Te acerco una cartulina que contiene una dirección, un teléfono, y dos nombres y me siento muy avergonzado de que uno de los que figura no sea el tuyo.
- Nosotros todavía no tenemos, pero si quieres te dejo el móvil. ¿Tienes un bolígrafo?
- No, creo que no.
- No importa... A ver, por aquí tiene que haber uno.
Tantas molestias, sabiendo que ninguno de los dos llamará por más que el otro se lo encarezca. Nadie es tan idiota, cuando le dicen, estás en tu casa, de exigir las escrituras.
- Mira, tu mujer te sigue llamando. Parece un poco enfadada. Es igual. Te llamo yo a ti. Venga, hasta pronto.
- Pero llámame, no se te olvide.
- De verdad que no se me olvida, venga, ve, que te está llamando.
Comienzo a alejarme de ti entre los pasillos abarrotados de productos de consumo, sé que no debo darme la vuelta, pero mira lo que le pasó a Teseo, y a la que se convirtió en estatua de sal, no me acuerdo de su nombre, no soy mejor que ellos, de modo que giro la cabeza, y te veo, mirando un set de cuatro manteles individuales más un vaso de regalo, varios modelos a elegir, un pack de dos paños de cocina más un paño de regalo, varios colores a elegir, un body de manga larga más un body de regalo, todas las tallas, cómo resistirse a promociones tan apasionantes y libidinosas, cómo sustraerse al embrujo de las ventajas prodigiosas de la Tarjeta Club Carrefour.

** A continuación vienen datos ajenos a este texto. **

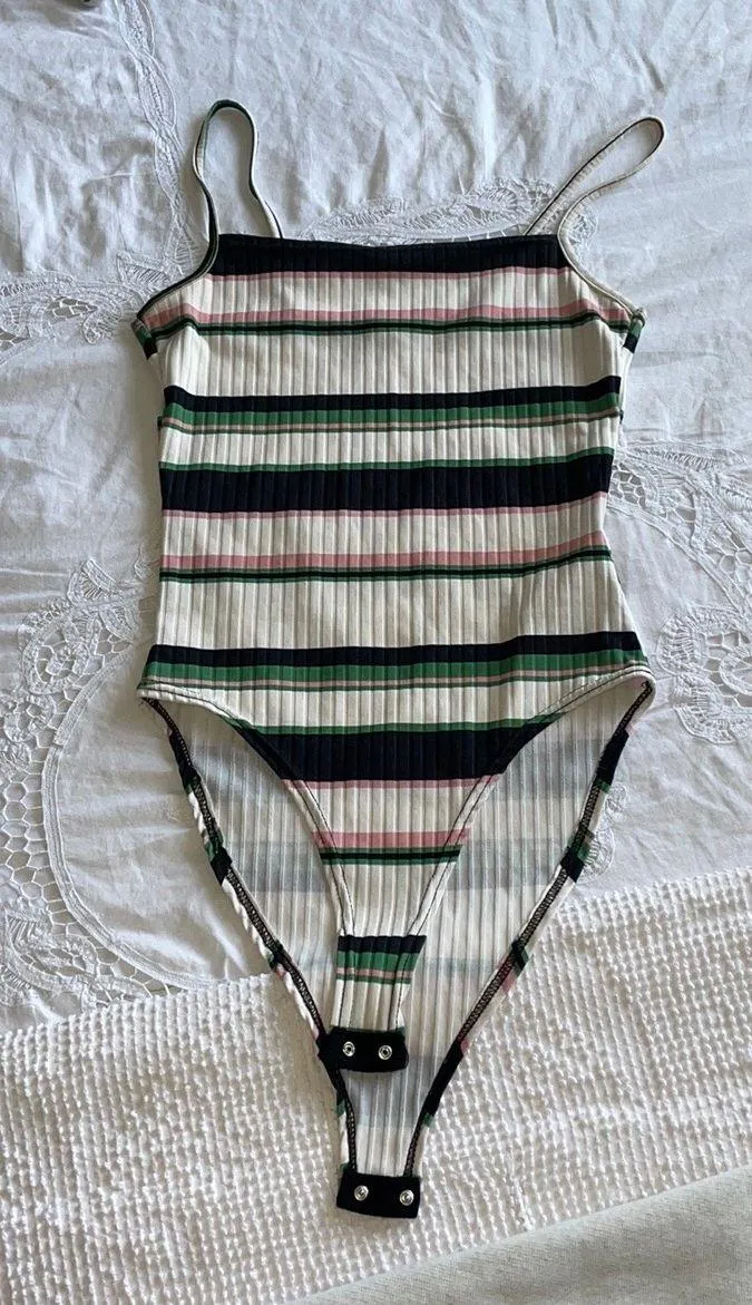 Striped bodysuit in perfect condition Size Medium but can also fit a small Very flattering on Purch... Show more
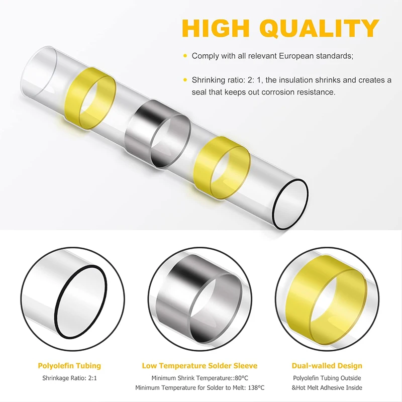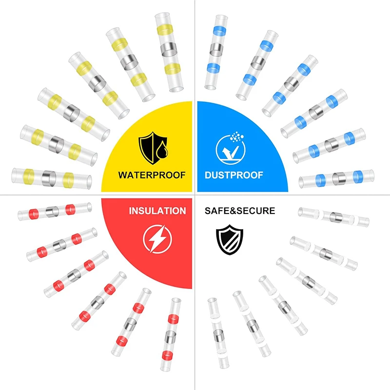 100Pcs Boxed Solder Seal Wire Connectors 3:1 Heat Shrink Insulated Electrical Wire Terminals Butt Splice Connector Waterproof
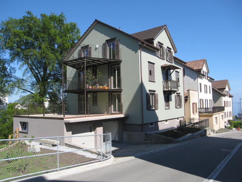 Das in die Jahre gekommene Wohnhaus bildet den Auftakt zur einer kleinen, charmanten Häuserzeile an steil abfallender Strasse. Der tiefgreifende Umbau umfasst neben der energetischen Sanierung der Gebäudehülle auch eine komplette Innensanierung der 3 Geschosswohnungen. Der einseitige Giebel auf der Ostseite wurde in gleicher Art auch westseitig erstellt und so entstand nun ein klassisches Kreuzgiebeldach. Auf der bestehenden Garage steht neu ein Balkonvorbau mit trapezförmigem Grundriss. Die sorgfältige Wiederherstellung der feingliedrigen Fassade war oberstes Gebot: Die originalen Fensterläden, der Hauseingang sowie der kleine Ostbalkon wurden restauriert, die Fenster und Fenstereinfassungen dagegen sind allesamt neu, aber originalgetreu nachkonstruiert. Der hübsche Vorgarten, eingefasst von einer Sandsteinmauer mit aufliegendem geschmiedetem Geländer, wurde nicht wie üblich zu einem öden Verbundstein-Parkplatz degradiert, sondern konnte wiederhergestellt werden als grüne Zierde dieses ehrwürdigen Wohnhauses in klassischem Landhausstil.
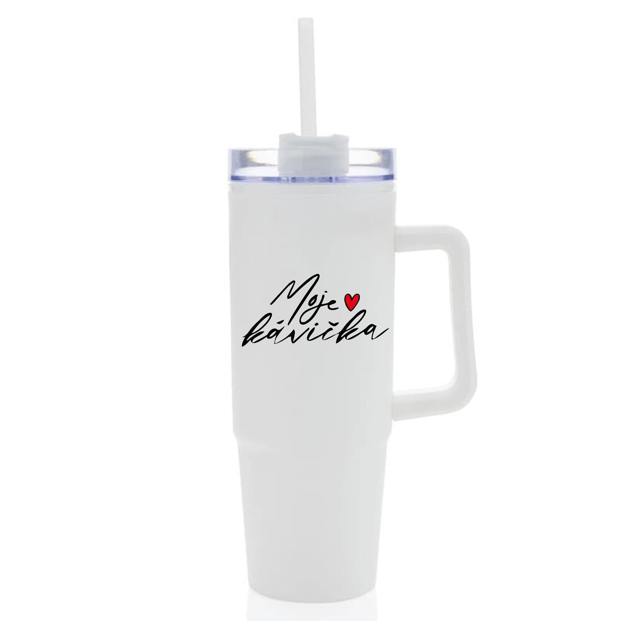 MOJE KÁVIČKA - bílý cestovní termohrnek s průhledným víčkem 900 ml
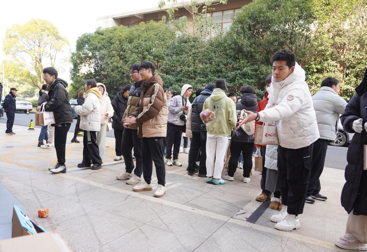 考研加油包内含考研文具套装、橙子、AD钙奶、暖手贴、向日葵或柿子香包、艾草锤等,寓意“‘文’翰功成”“一战‘橙’硕”“‘钙’力满满”“‘暖’心呵护”“向‘阳’而生” “‘柿柿’如意”“一锤定‘赢’”。活动现场,学子们在“勇掷沙包”游戏专区,一次次将沙包扔入框内,就像将紧张的情绪一并扔了出去,紧绷的神经也得到松弛;在“情绪粉碎机”前,学子们将考研之路上遇到的烦恼忧愁投入“粉碎机”,换取专属的正能量贴画,为自己加油鼓劲。该校学生魔术爱好者协会还为考研学子送上“祝福”魔术,为学子们加油打气。
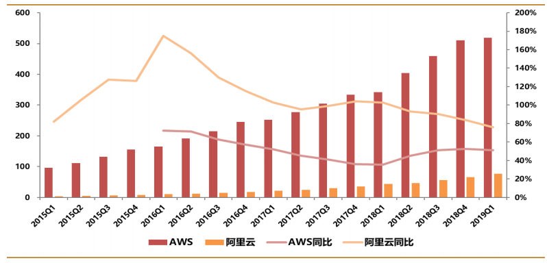 AWS 2019 年 Q1 营收达到 518.1 亿元,同比增长 51.4%。AWS 的营收增长较为平稳,其营业收入的绝对值在 2019Q1 是阿里 云的 6.7 倍,在行业地位和体量上依旧碾压经历了爆发式增长的阿里云。
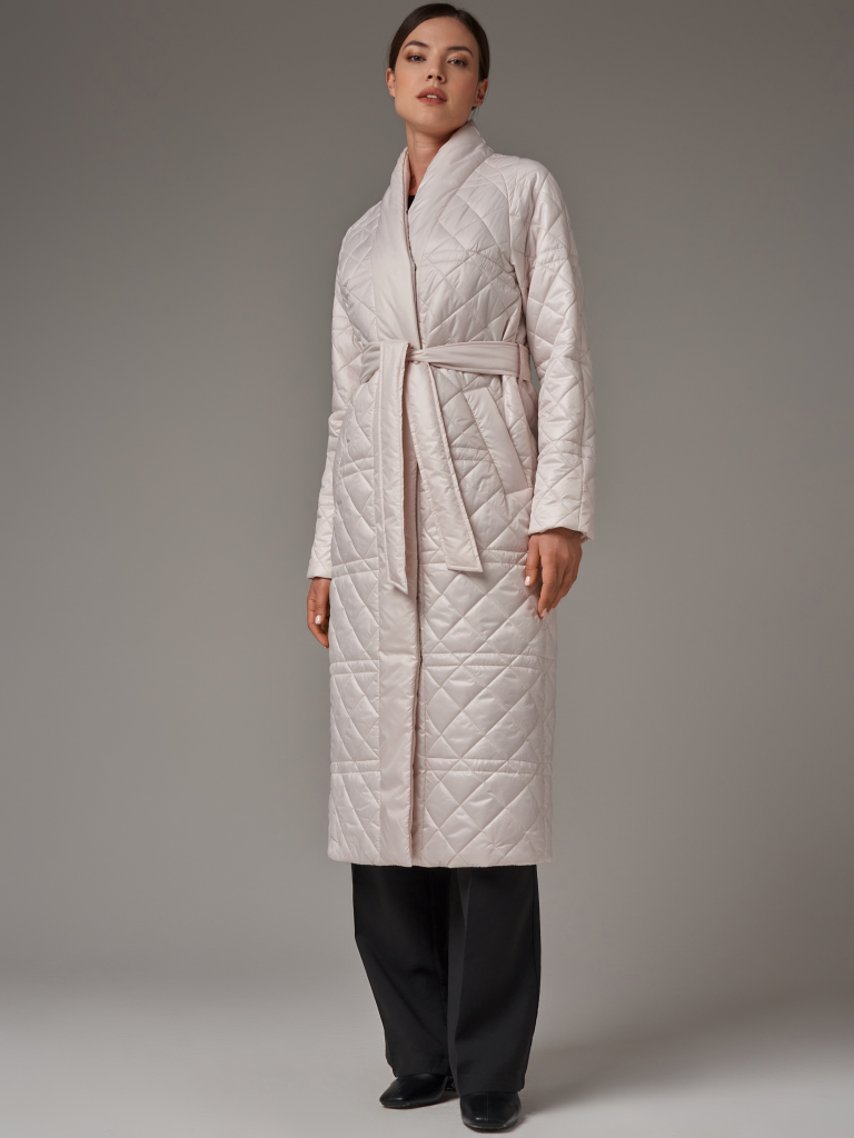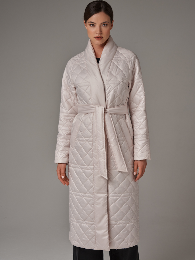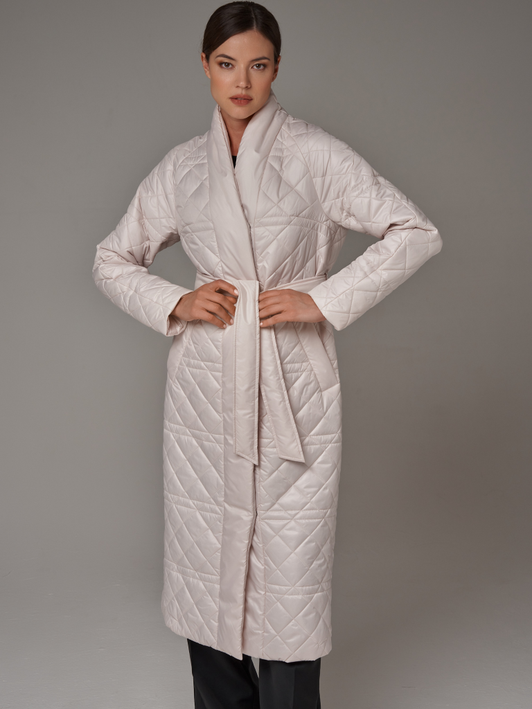 Стеганый плащ-кимоно прямого силуэта. Рукав реглан с заниженной проймой. Застежка на потайные кнопки. В изделии два кармана, оформленных листочками на потайных кнопках и один внутренний карман. В комплекте с плащом идет пояс из основной ткани. Ткань плащевая с водоотталкивающей пропиткой, простеганная ромбом. Утепление нового поколения ORSOTHERM 100 г/м2. Рекомендуемый температурный режим(от +10°C до +18°C). Длина изделия -120 см. Длина рукава - 64 см.

Siento la tentación de desandar mis pasos y correr a tu encuentro. Yo caí, tú no debes caer, Teresa. Lo mío ya no tiene remedio. Tengo que advertirte, tú todavía estás a tiempo. Pero sigo empujando el carro con una mano, mientras con la otra sostengo a Jaime, que se tira contra el suelo. No vale la pena que te avise, porque nadie se emborracha con el vino que bebe otro.
Feliz cumpleaños. Felices treinta años, Teresa.Adiós.